(Work instructions): Below are entries. Give back exactly the lines from the one containing "The Max 5% Carbs" through the one containing "Each diamond is", inclusive, without the pictures.

(Stored data):
Segment Open

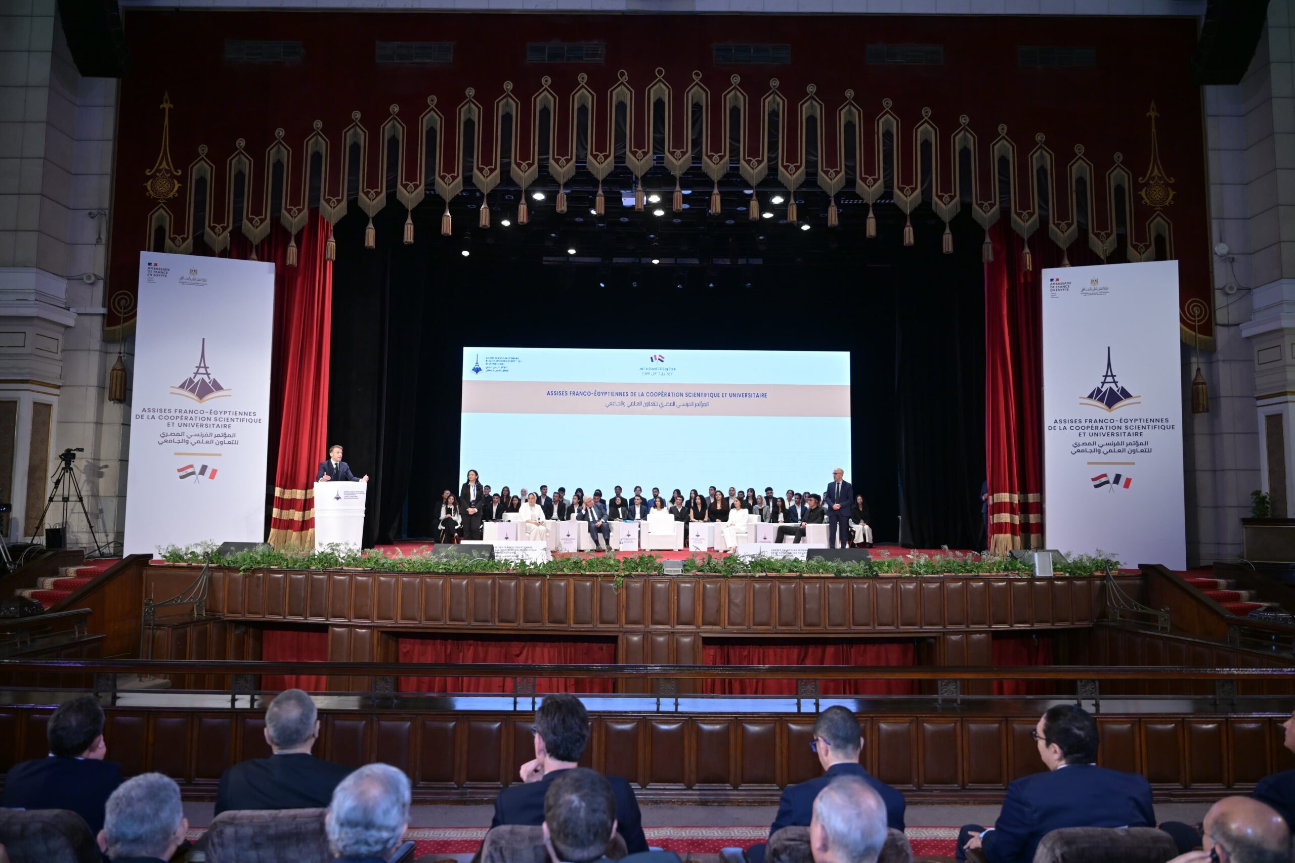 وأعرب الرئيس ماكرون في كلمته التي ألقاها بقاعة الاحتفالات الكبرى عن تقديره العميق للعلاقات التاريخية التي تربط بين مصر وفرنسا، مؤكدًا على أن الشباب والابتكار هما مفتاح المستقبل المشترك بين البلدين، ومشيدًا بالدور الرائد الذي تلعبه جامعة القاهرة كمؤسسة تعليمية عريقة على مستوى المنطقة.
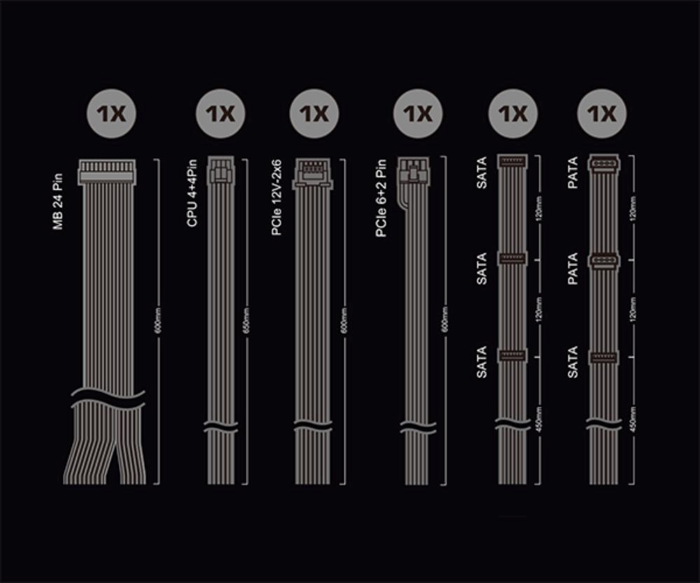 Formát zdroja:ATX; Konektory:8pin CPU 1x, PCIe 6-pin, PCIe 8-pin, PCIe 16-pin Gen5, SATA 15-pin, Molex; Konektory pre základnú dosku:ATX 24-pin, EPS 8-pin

Segment Closed
Segment Open

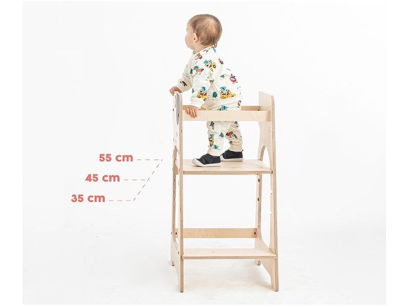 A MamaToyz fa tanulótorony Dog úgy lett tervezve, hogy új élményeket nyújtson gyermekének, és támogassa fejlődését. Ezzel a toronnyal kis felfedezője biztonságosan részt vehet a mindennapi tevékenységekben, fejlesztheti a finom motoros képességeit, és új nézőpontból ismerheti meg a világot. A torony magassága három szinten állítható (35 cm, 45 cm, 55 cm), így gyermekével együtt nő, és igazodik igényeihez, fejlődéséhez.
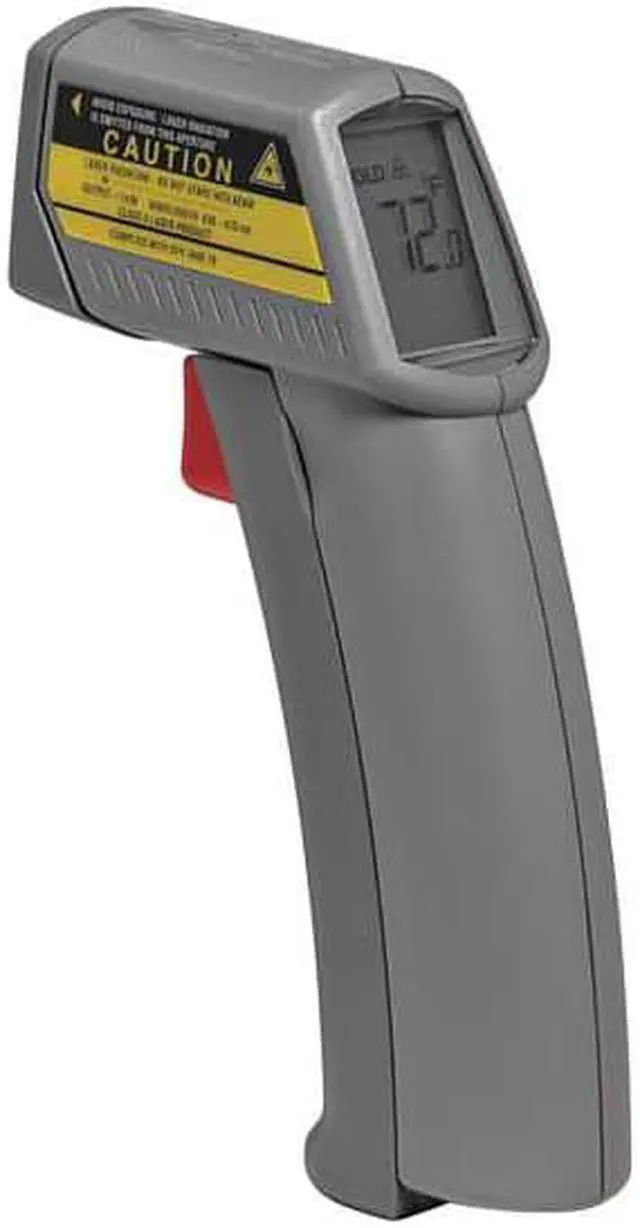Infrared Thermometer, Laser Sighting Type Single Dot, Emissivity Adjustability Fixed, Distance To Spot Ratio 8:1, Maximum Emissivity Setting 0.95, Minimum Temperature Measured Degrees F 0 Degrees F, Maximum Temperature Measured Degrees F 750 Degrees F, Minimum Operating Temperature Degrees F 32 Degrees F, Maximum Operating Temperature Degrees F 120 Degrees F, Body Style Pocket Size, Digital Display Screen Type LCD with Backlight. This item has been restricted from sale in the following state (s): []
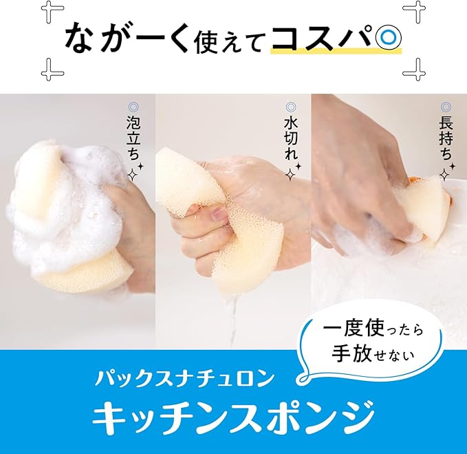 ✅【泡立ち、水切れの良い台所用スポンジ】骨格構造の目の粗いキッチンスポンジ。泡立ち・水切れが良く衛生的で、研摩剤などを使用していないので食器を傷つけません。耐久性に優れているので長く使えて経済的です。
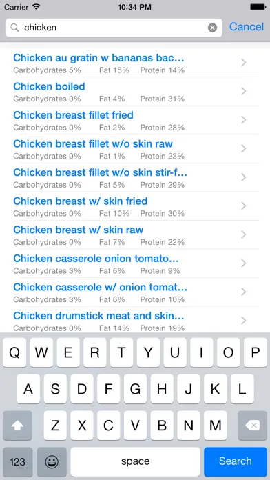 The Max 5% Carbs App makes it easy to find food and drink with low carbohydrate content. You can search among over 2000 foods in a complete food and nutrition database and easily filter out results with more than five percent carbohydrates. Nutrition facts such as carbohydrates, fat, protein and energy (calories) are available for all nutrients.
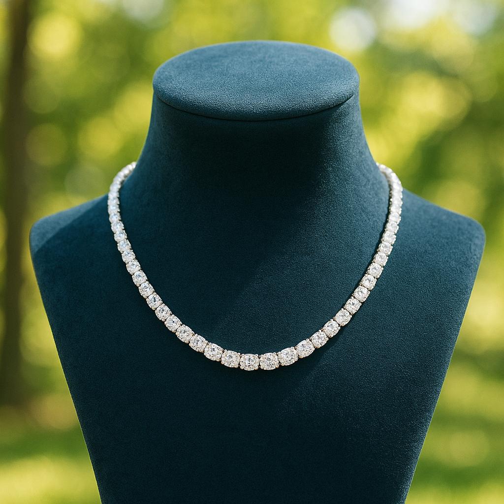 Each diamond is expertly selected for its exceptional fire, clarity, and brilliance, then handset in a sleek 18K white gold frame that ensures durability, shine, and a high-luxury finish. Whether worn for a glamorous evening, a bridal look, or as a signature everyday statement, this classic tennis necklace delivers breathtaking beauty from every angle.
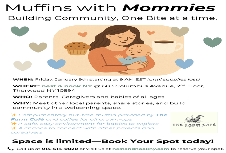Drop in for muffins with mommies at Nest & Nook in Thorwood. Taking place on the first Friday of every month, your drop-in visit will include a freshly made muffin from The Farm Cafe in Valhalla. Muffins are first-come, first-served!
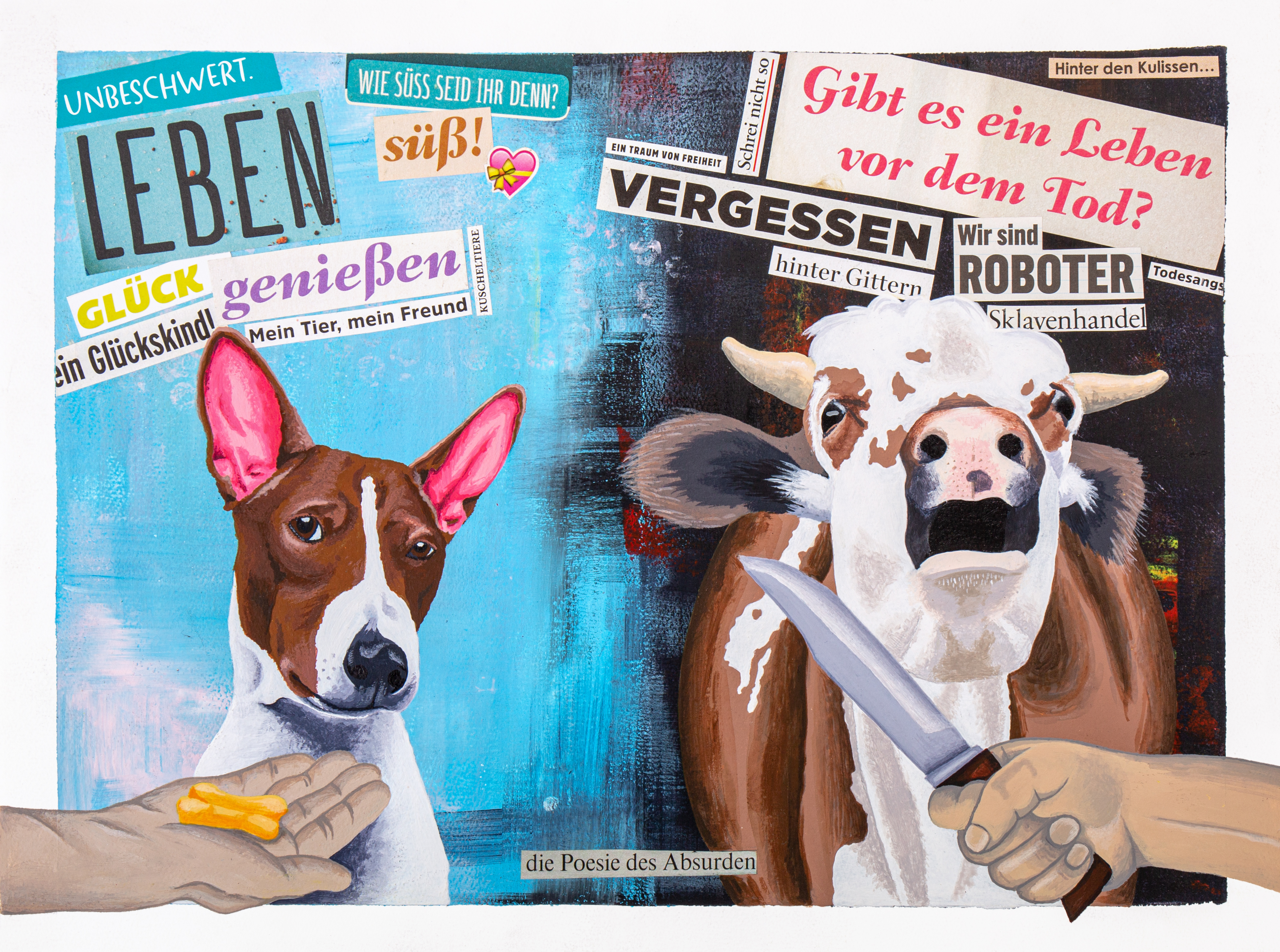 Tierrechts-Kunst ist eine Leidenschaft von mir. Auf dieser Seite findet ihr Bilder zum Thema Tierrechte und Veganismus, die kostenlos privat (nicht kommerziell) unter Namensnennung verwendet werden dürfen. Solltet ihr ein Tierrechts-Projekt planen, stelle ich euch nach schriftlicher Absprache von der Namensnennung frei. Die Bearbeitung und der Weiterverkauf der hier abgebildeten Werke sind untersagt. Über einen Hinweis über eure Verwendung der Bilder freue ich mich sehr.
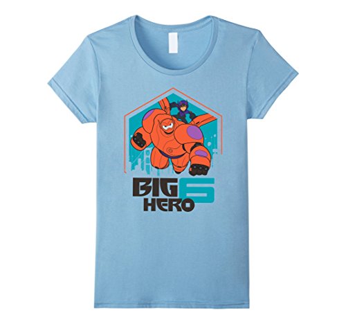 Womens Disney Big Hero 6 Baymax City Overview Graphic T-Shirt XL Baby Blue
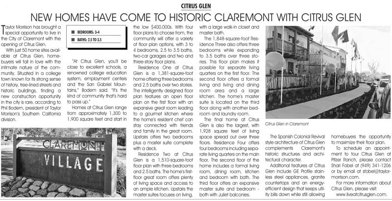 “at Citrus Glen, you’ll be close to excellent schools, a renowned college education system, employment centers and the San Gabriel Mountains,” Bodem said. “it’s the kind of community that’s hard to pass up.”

Segment Closed

(Written answer):
 The Max 5% Carbs App makes it easy to find food and drink with low carbohydrate content. You can search among over 2000 foods in a complete food and nutrition database and easily filter out results with more than five percent carbohydrates. Nutrition facts such as carbohydrates, fat, protein and energy (calories) are available for all nutrients.
 Each diamond is expertly selected for its exceptional fire, clarity, and brilliance, then handset in a sleek 18K white gold frame that ensures durability, shine, and a high-luxury finish. Whether worn for a glamorous evening, a bridal look, or as a signature everyday statement, this classic tennis necklace delivers breathtaking beauty from every angle.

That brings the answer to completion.